I’m sure the album cover is considered some kind of a classic album cover, but I never liked it (except for there being no words on it), but when you open it up and look at the entire composition—the bleak landscape on the left, and crumbling wall with the painting hung on it in the foreground—it’s really pretty great. So I guess in that sense, I like it, which is more than I can say for the stupid stoner drawing on the inside, with a wizard standing on a rocky cliff looking down on a town (or maybe on a small, ragged figure of indeterminate gender, in the foreground). So little have I ever cared for this drawing, I feel like this is the first time I’m really looking at it.
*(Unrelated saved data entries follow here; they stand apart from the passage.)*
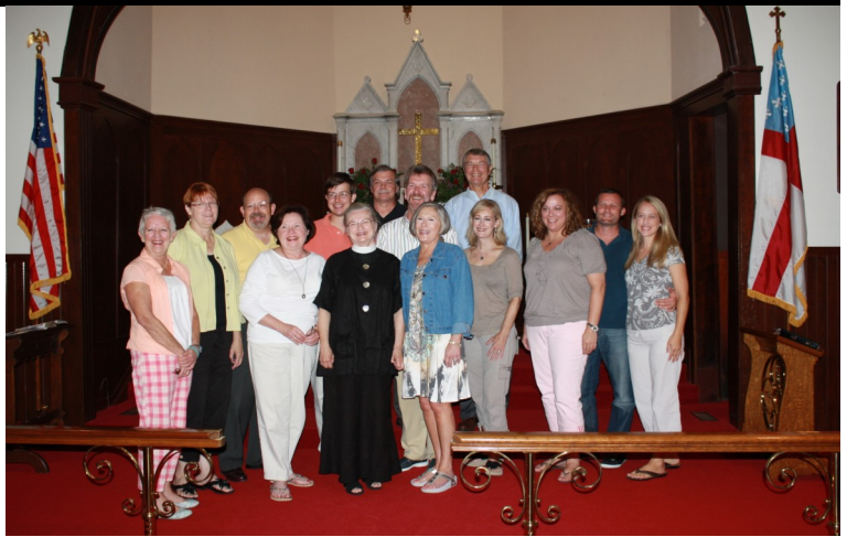
The twenty members of the tornado relief team from the Church of the Incarnation, Dallas, and the Church of the Good Shepherd, Terrell (both Diocese of Dallas) were with us in worship on Sunday, September 3, after spending four days doing demolition in Joplin.

A reminder that the diocesan “free garage sale” at St. Philip's Church in Joplin will be Saturday, October 22. Items needed will include winter clothing, furniture, household items, small appliances, linens, electric space heaters, and holiday supplies. Help needed all that week! We have a rental storage unit here in Carthage which can hold some items until then. PLEASE call ahead to make sure we can be there to put it in the unit rather than simply showing up with items. There will be signup sheets for work Friday night in Joplin to assist with the ministry!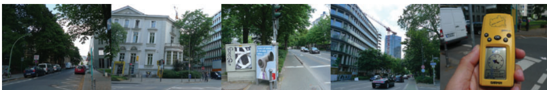
Figure 10. 5008 Frankfurt/Main

for discussion about their 5107-experiences, as well as for other topics like faced, solved or unsolved problems of Dortmund’s urban space 8 .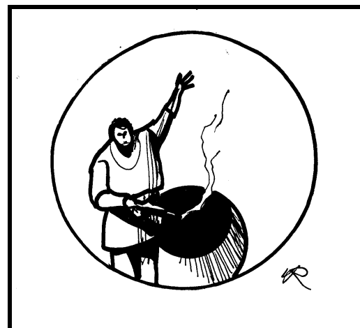
Small Rotsler Gallery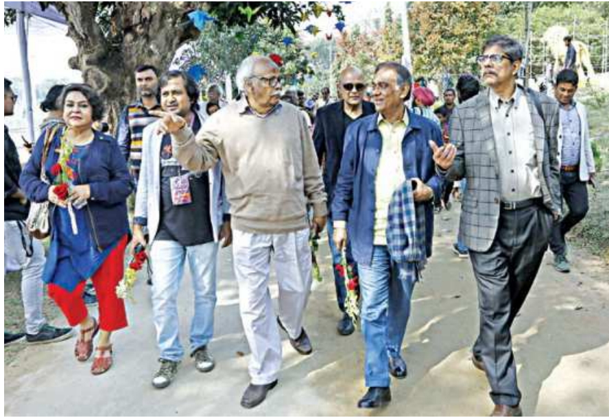
The festival features artists from Bangladesh, India, USA, Nepal and Myanmar.

ZAHANGIR ALOM, writes from Nilsagor, Nilphamari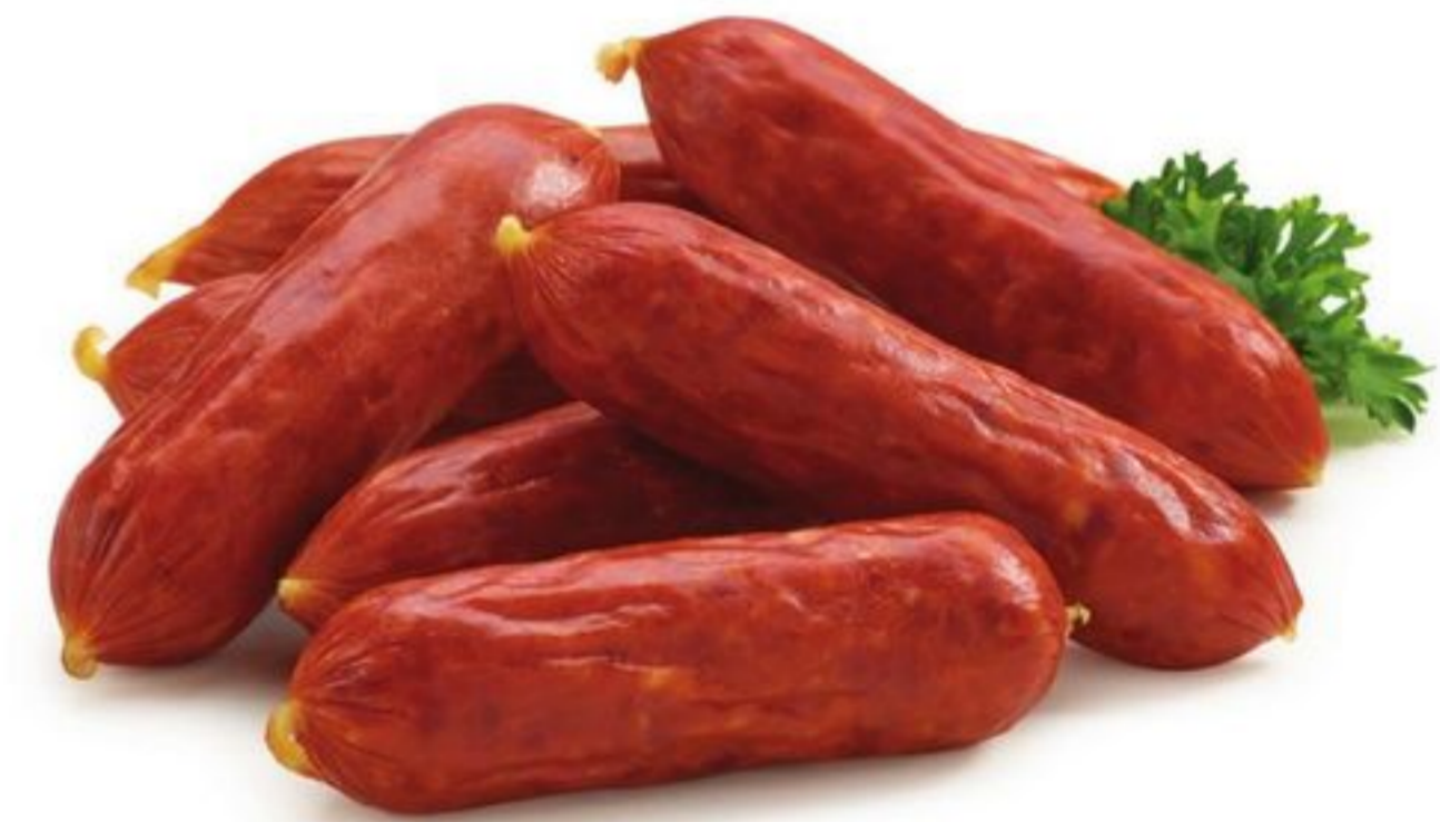
Grimm's Pepperoni Bites Selected Varieties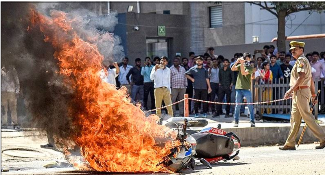
April 13, 2026 nü Uttar Pradesh kübok Gautam Buddh Nagar district nung factory nung inyakerteri taa tujang, ta longkak aitba mapang police bike ka rongdoktsüdang tangokba noksa nung angur.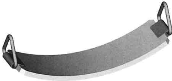
284, 2840 and 2841 Slashproof Seat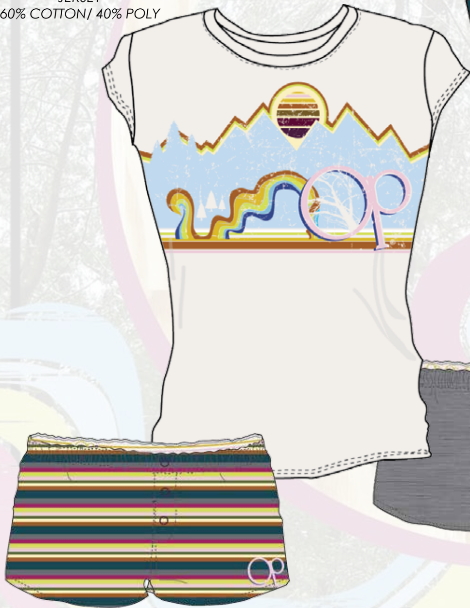
mountain stripe boxer 4 WAY STRETCH 95/5 COTTON/ SPANDEX 4 WAY STRETCH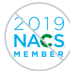
Do not change colors.

How many bags of weed have been consumed while the intricate, unrealistic rocks have been examined for hidden images and meanings? However, I just noticed, for the first time, that little white goat, grazing on an elevated plateau. I’m pretty certain the answer to the mystery lies there.

Okay, I’ve got it. Since this might be the most “Speenish”—(i.e., my last name, as an adjective, meaning the distillation of the R. Speen essence (sometimes, though not to be, confused with patchouli and burning sage))—of all popular rock ‘n’ roll records, I’m going to officially, as of this date forward, name this record: Led Zeppelin Speen.